Abderrazak Bounour

Medal record

Men's athletics

Representing Algeria

African Championships

= Abderrazak Bounour =

Algerian long-distance runner

Abderrazak Bounour (born 11 January 1957), also known as Abdel Razzak Bounour, is a retired Algerian long-distance runner who specialized in the 5000 metres.

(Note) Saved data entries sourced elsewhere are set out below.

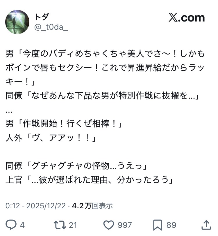 | … | 2925/12/22(月)03:09:45No.1384957017+同僚をスケベな視線で見てる男が人外の怪物をグチャグチャにしてるのかと思った |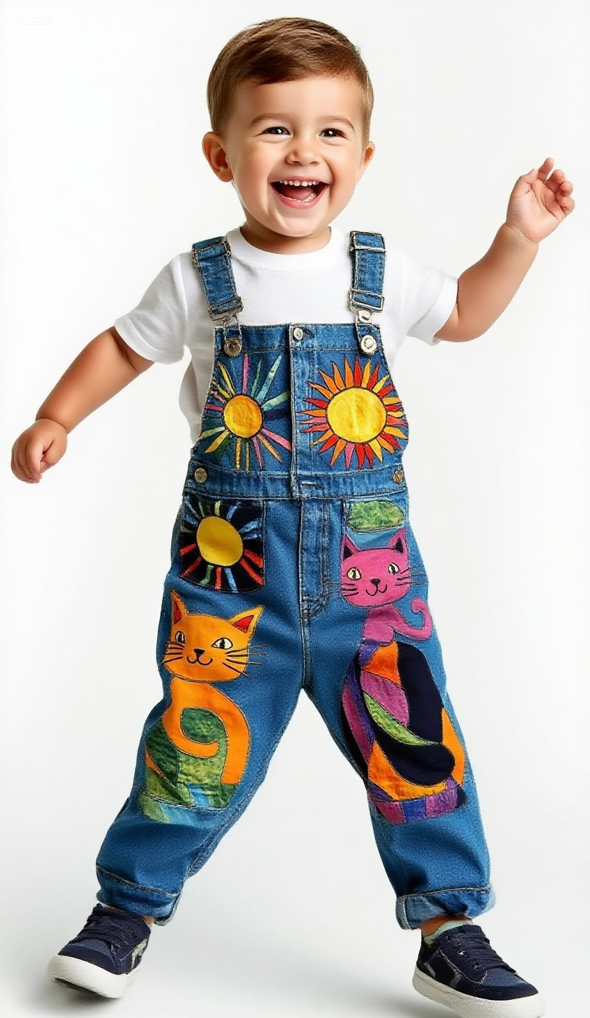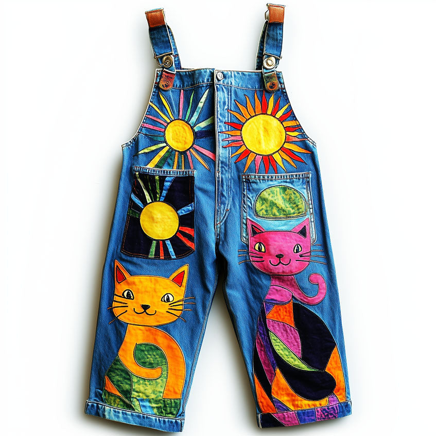 Lucky Sale Unisex-Mom & Me Open Sun Kitten Colored Unisex Overalls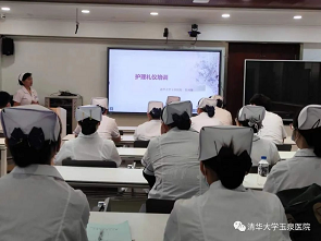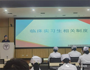 护理部教学老师孙燕介绍了医院的历史沿革与文化,对实习安排和实习须知进行了详细的说明,提高了同学们对护理工作岗位的认识,加强护理安全意识,为顺利完成实习迈出了扎实的一步。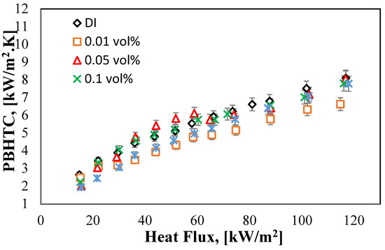 Figure 10 shows the proportional relationship between the HF, q [kW/m2], and PBHTC, [kW/m2K]. From the graph, it can be told that there is an improvement in the PBHTC for the volume concentrations of (0.1% and 0.05%). The enhancement of 0.1 vol% curve as compared to DI water started at 30 [kW/m2] HF and 4.05 [kW/m2K] to reach the maximum enhancement PBHTC of 5.74 [kW/m2K] at 60.3 [kW/m2] of the HF. While the 0.05 vol% curve has the best HT process among all the other concentrations, as it increased by moving to the left side of the graph when the HF value reached 36.27 [kW/m2] with 4.77 [kW/m2K] of PBHTC and continued rising until it hits the highest value of the PBHTC at 6.10 [kW/m2K] with 58.8 [kW/m2] HF. However, after reaching the peak, the curves for both the abovementioned concentrations started to deteriorate as the boiling process moved forward with time. The reason behind this increment is related to the good TC of the halloysite nanofluid as well as the small volume concentrations of the nanofluids (0.1% and 0.05%) that helped in increasing the HT.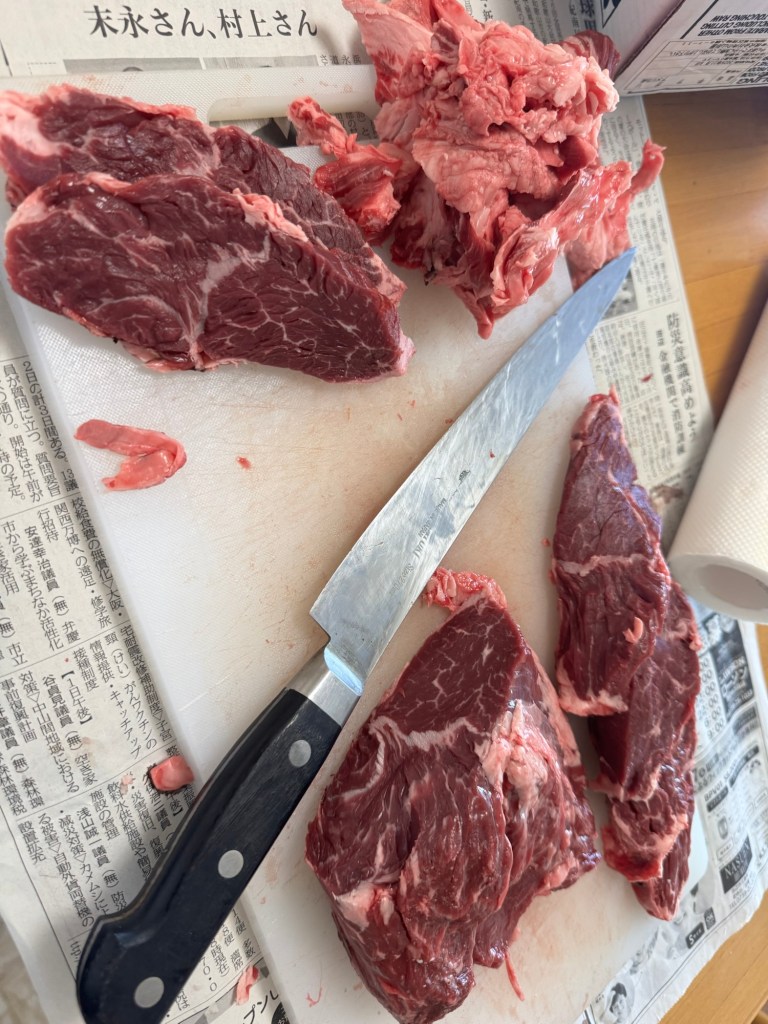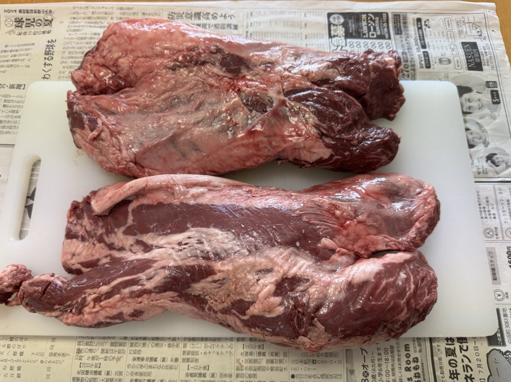 大阪仲間を招いてのBBQパーティーの目玉は、ハラミ。最近は、ハラミにハマっている。アメリカ産のとあるブランド牛をチルドブロックでお取り寄せ。焼肉は、切り方も大事。切り方で硬さ、味は、変わる。BBQの場合は、なるべく大きくカットする。なぜか?それは、言えません。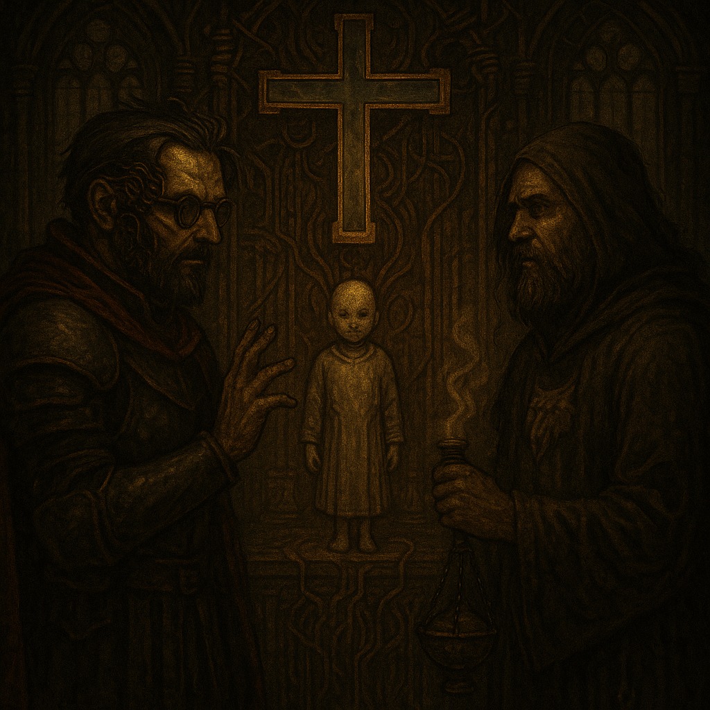The room responds — walls grow thorns of wire, bleeding data and psalms. The trial’s core emerges: a childlike figure, blank-faced, held in stasis between two altars.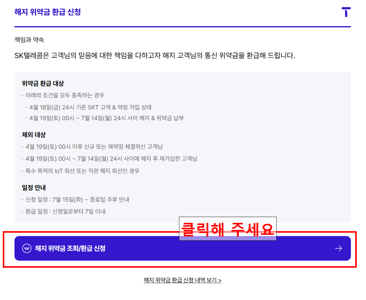 - 보이스피싱 주의: SKT는 환급을 명목으로 절대 현금카드나 비밀번호 등 민감한 금융 정보를 요구하지 않습니다. 공식 채널(T월드, 공식 대리점, 고객센터)을 통해서만 신청하시기 바랍니다.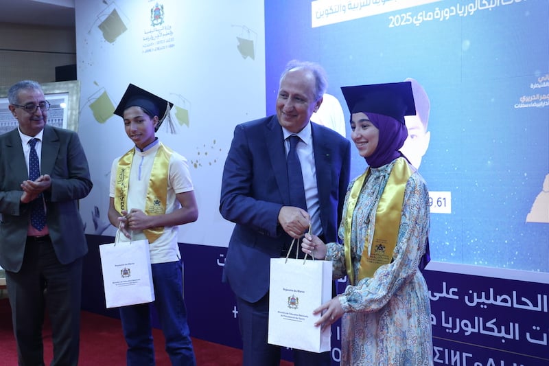 في أجواء احتفالية مفعمة بالفخر والاعتزاز نظمت وزارة التربية الوطنية والتعليم الأولي والرياضة، اليوم الجمعة، حفلاً تكريمياً على شرف التلميذات والتلاميذ الحاصلين على أعلى المعدلات الوطنية في امتحانات الباكالوريا برسم الموسم الدراسي 2024-2025، وذلك بحضور مسؤولين تربويين وأسر المحتفى بهم.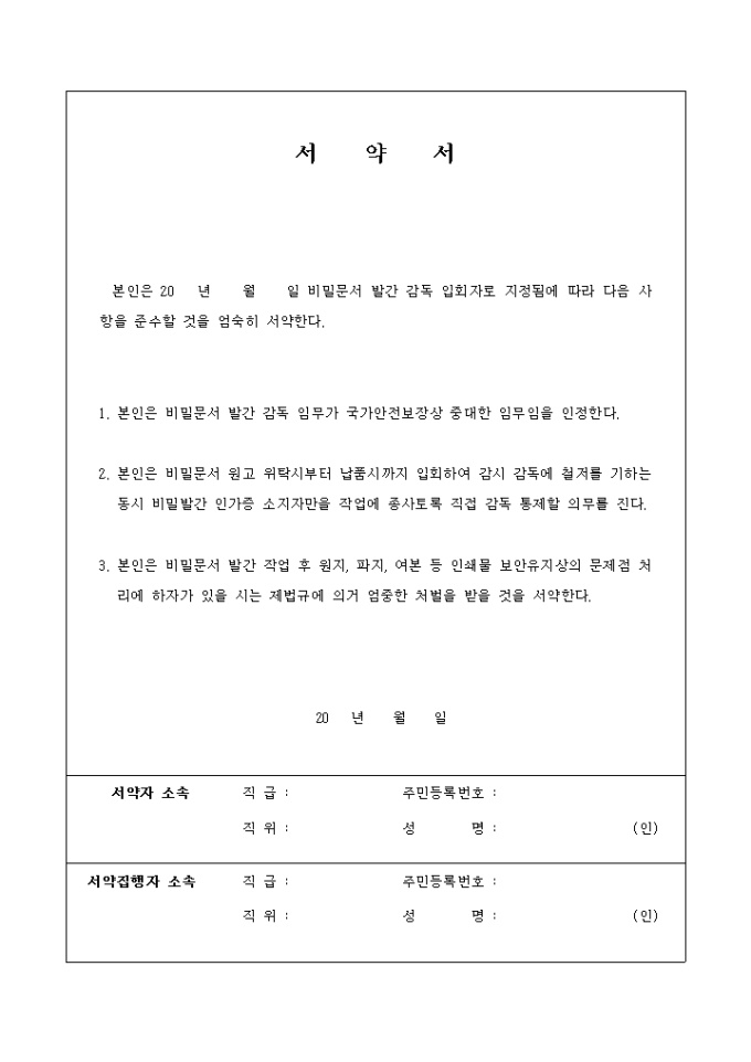 본인은 비밀문서 발간 감독 입회자로 지정됨에 따라 다음 사항을 준수할 것을 엄숙히 서약한다는 내용의 비밀문서발간 서약서 양식입니다.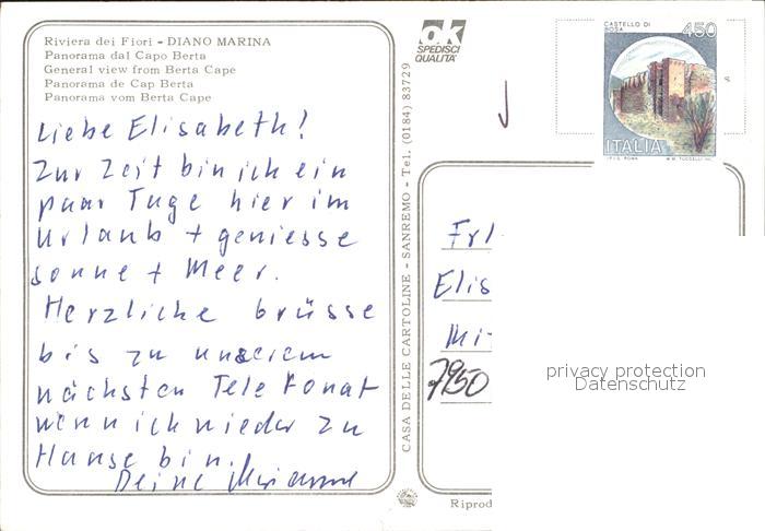 Diano Marina Panorama vom Berta Cape postalisch nicht gelaufen Erhaltung siehe scans

Bounour was born in Annaba and represented the club USSN. He reached the semi-final of the 1983 World Championships and the 1984 Olympic Games and won the 5000 metres at the 1984 African Championships and the silver medal in the same event at the 1983 Maghreb Championships.

His personal best times were 7.49.69 minutes in the 3000 metres, achieved in June 1983 in Tampere; 13.25.26 minutes in the 5000 metres, achieved in June 1984 in Florence; and 28.00.73 minutes in the 10,000 metres, achieved in July 1985 in Stockholm.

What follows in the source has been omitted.